COMCAST’s failure to respond or supply materials may lead to project delay and,
except for delays resulting from Force Majeure Events, may lead to enforcement
of penalties and recovery of damages under claims made pursuant to COMCAST's
Section 11 indemnification obligations.
3. Plan Discrepancies. If there is any discrepancy between the PS& E and the
COMCAST plans, the Parties mutually agree to work together to resolve such
discrepancy between said plans.
B. COMCAST Responsibilities:
1. Provision of Work, Materials, and Equipment. All work and equipment
described in this section as COMCAST responsibilities shall be provided by
COMCAST in the manner and timeframe described herein at COMCAST's sole cost
and expense.
2. Coordination.

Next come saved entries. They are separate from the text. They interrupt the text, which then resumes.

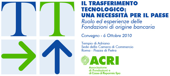 Il 6 ottobre 2010 si è tenuto a Roma il convegno “Il trasferimento tecnologico: una necessità per il Paese. Ruolo ed esperienze delle Fondazioni di origine bancaria”, promosso dalla Commissione Ricerca dell’Acri. I lavori della giornata si sono articolati in tre fasi. Nella prima, aperta da Andrea Landi, presidente della Commissione Ricerca Scientifica dell’Acri, è stato presentato un approfondimento strutturato sui numerosi interventi realizzati dalle Fondazioni in questo campo, curato dal prof. Maurizio Sobrero dell’Università di Bologna. La seconda parte, introdotta dal presidente dell’Acri, Giuseppe Guzzetti, ha visto gli interventi di: Enrico Decleva, presidente della Crui – Conferenza dei Rettori delle Università Italiane; Daniel Kraus, vicedirettore generale di Confindustria; Mariastella Gelmini, ministro dell’Istruzione, dell’Università e della Ricerca. Nella terza parte si sono succedute le testimonianze di esperienze delle Associate: sulle società strumentali e le forme di collaborazione tra Fondazioni, enti di ricerca e imprese; nonché sul ruolo delle Fondazioni nel venture capital.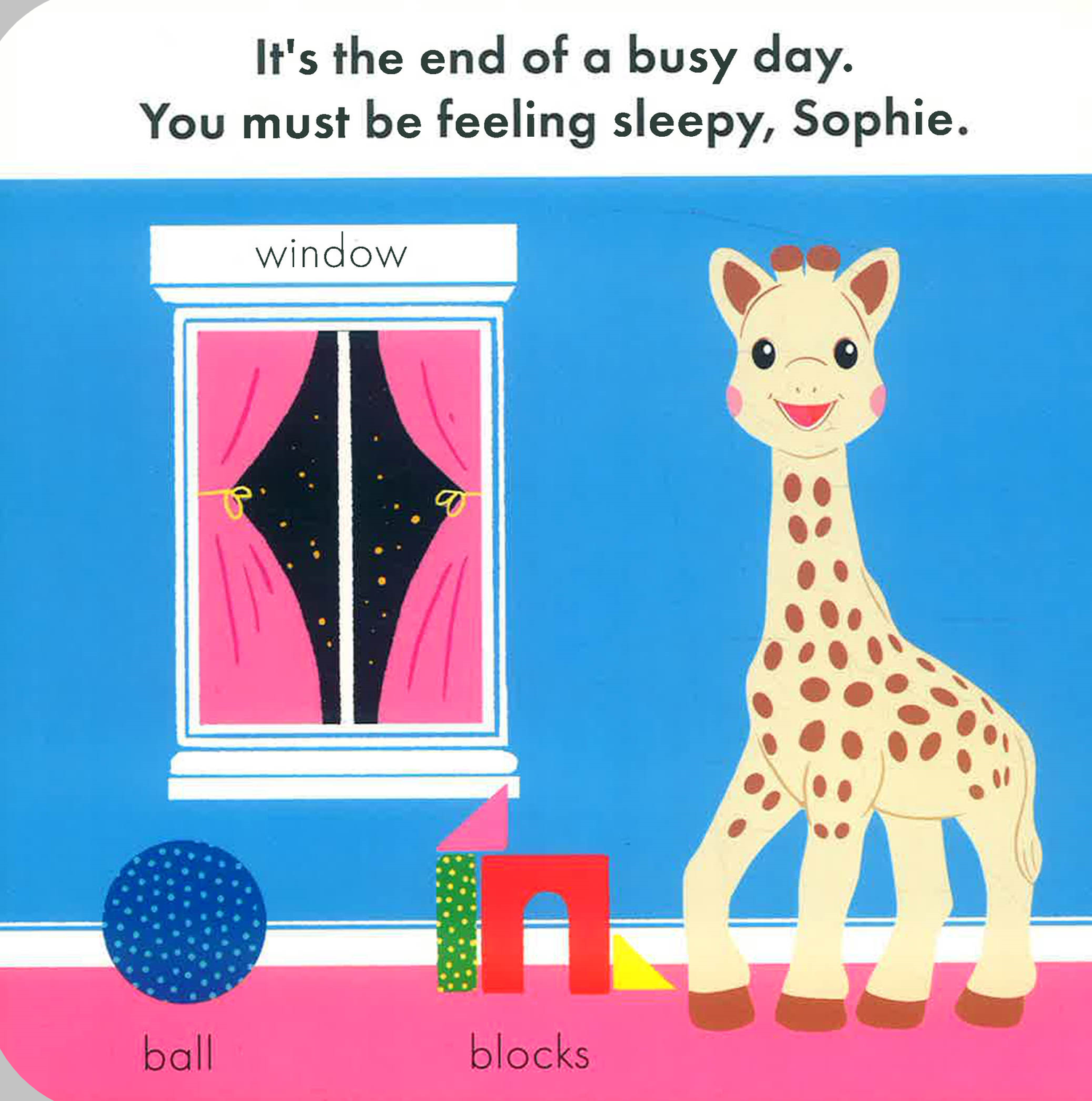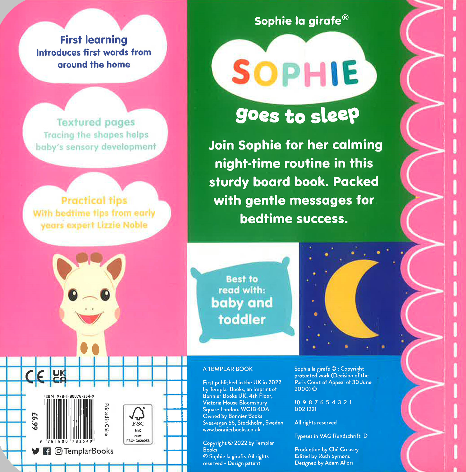 Wind down for the night with the classic Sophie la girafe toy, in this boardbook full of gentle messages for bedtime success. Sophie is getting ready to go to bed. Join her in her calming night-time routine for one last book before the lights go out. This short story is perfect for reading aloud with babies and toddlers. Each scene presents first words from around the home, making it the ideal book for little ones just starting to talk, while textured pages will engage even the youngest babies' senses. For parents and carers, each page features short practical tips for bedtime success, consulted by Early Years expert Lizzie Noble. Sophie la girafe has sold more than 50 million teether toys worldwide, and now the iconic toy from France turns 60. Celebrate with Sophie as she steps into the pages of a brand new series of baby books. Designed for reading together with your baby or toddler, this would also make the perfect baby shower or new baby gift.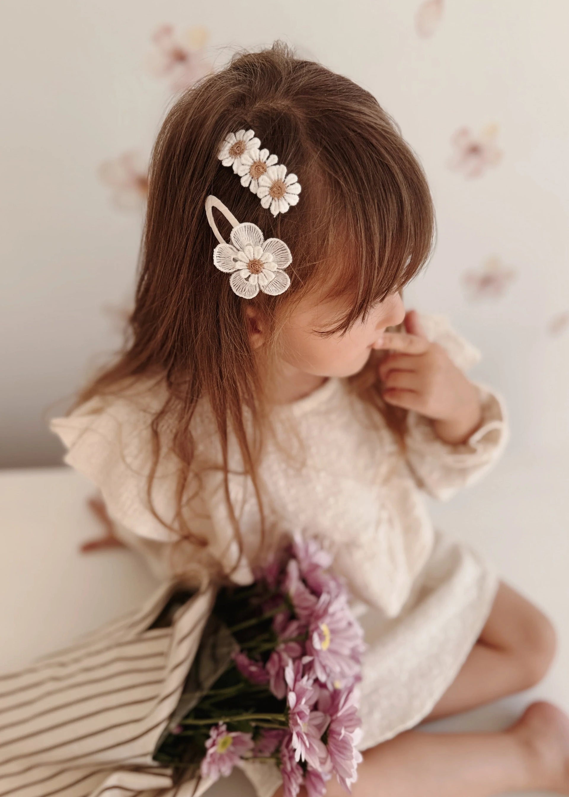Set čtyř látkových sponek je inspirovaný nadčasovou krásou kopretin s vintage nádechem. Hodí se pro malé slečny, které mají rády přirozený styl, ale potěší i maminky, které řeší každý detail.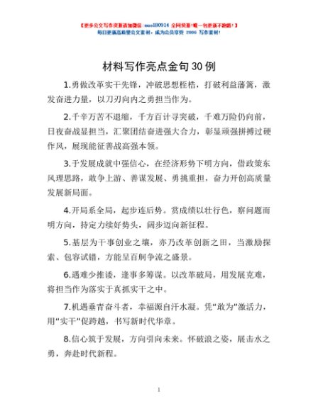 / 材料写作亮点金句30例

COMCAST will maintain continued coordination with the
CITY regarding installation of COMCAST’s facilities. This coordination will include,
but not be limited to the following:
a. The CITY Contractor will develop a schedule that will accurately
depict how the CITY Contractor plans to complete the project, including
the Relocation and the Work. COMCAST will be responsible for
coordinating its work to meet this project schedule.
b. A weekly meeting will be held in which the CITY Contractor will
provide a schedule and list of materials needed for the following two (2)
weeks. A representative from COMCAST will attend each meeting and
provide weekly progress reports. The COMCAST representative will be
responsible for coordinating the delivery of materials per the discussion
of schedule at these weekly meetings, in accordance with Section 3(A)(2).
c. COMCAST will furnish all materials required for the installation of
COMCAST conduit and utility vaults including vaults, conduits, and all
other materials necessary for installation of the vaults and conduits
required by the CITY Contractor for the installation of COMCAST facilities
that week, not less than ten (10) working days prior to the date that the
work is scheduled to begin as discussed in the weekly meeting, provided
that CITY gives COMCAST notice in accordance with Section 3(A)(2). The
CITY will provide a reasonable location to COMCAST where the materials
will be delivered.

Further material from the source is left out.